“I never do research,” says Thom Browne, smiling shyly in his trim gray suit, his pants cut just above his naked ankles. “Some people love doing research, and that’s great, but I hated school, so I never do it.” It’s difficult to picture the designer — who looks like the world’s most impeccable schoolboy in his gray tie, sweater vest, and closely cropped hair — ever having trouble in the classroom, but perhaps he was too busy daydreaming about grosgrain details.
We are sitting on cream-colored sofas in a back room at Saks, where Browne is about to host a trunk show for his spring collection, a madwoman-themed opus that he produced for New York Fashion Week just over a month ago. “They’re never literal,” he says of his macabre, often downright weird references. “This season, I had an image in my mind of an insane asylum, with white tiles and straitjackets. I find it more interesting to just go with what’s in my head, instead of getting locked into images that I’ve researched.” In the past, he’s had his models dance en pointe, rise out of coffins, and wear a sequined mermaid tail.
But no matter how theatrical Browne’s shows may be, they’re still rooted in the reality of what sells: His signature fitted, gray wool suits are always mixed in with the fantasy. “Some people think that my shows are just for shock value, but the provocation makes those classic pieces look different every six months,” he says. “You don’t need to see the same gray suit every season. But surrounding it with 40 really interesting ideas makes it feel new.” He has barely changed the cut of his trademark pants, skirts, and jackets since he debuted his womenswear line almost ten years ago, and they continue to sell well.
But is it ever disappointing to labor over such elaborate designs that will never be worn in the real world? “For me, it never gets boring, and it never gets tiring. But I think good tailoring and something that’s well-made never gets boring or tiring,” he says. And he’s quick to point out that while most of his collection may not go into production, plenty of the garments are still worn by sartorially daring types who can fit into sample sizes. “In Europe, there’s quite a few girls that are actually wearing the runway pieces.”

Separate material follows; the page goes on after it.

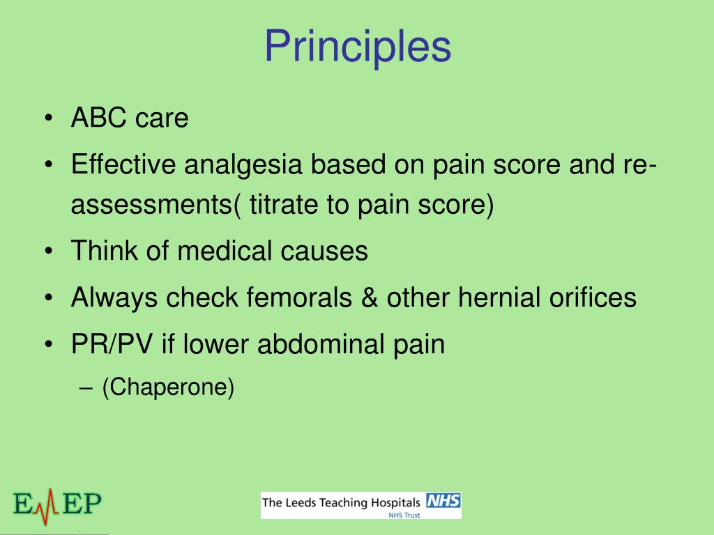 Principles • ABC care • Effective analgesia based on pain score and re-assessments( titrate to pain score) • Think of medical causes • Always check femorals & other hernial orifices • PR/PV if lower abdominal pain • (Chaperone)

As for the clothes that do make their way into retail: How does he adapt them for, say, a place like Saks? “I really approach [the runway and commercial collections] separately,” he says. “I take the idea that I put into the 40 looks in the show, but I translate it into things that are simpler to wear.” For example, the puffy, rounded sleeves in his latest show are pared down to a less extreme size, as are the extended shoulder pads. Many of the bags and shoes translate quite naturally. “And sometimes it’s just a matter of using simpler fabric,” he explains, referencing a silk jacket covered in hand-applied tweed scraps that he had reconstructed with sturdier silk faille for the trunk show.
Out on the floor of Saks, Browne is greeted by a coterie of clients, most of whom are dressed in his close-cut suits. “I do love the provocative side of my collection, but I also like the classics — the simpler skirts and the sweater sets and the shirtdresses,” he said with a smile, regarding two models clad in his spring pieces. “And I always love to see girls in jackets and trousers.”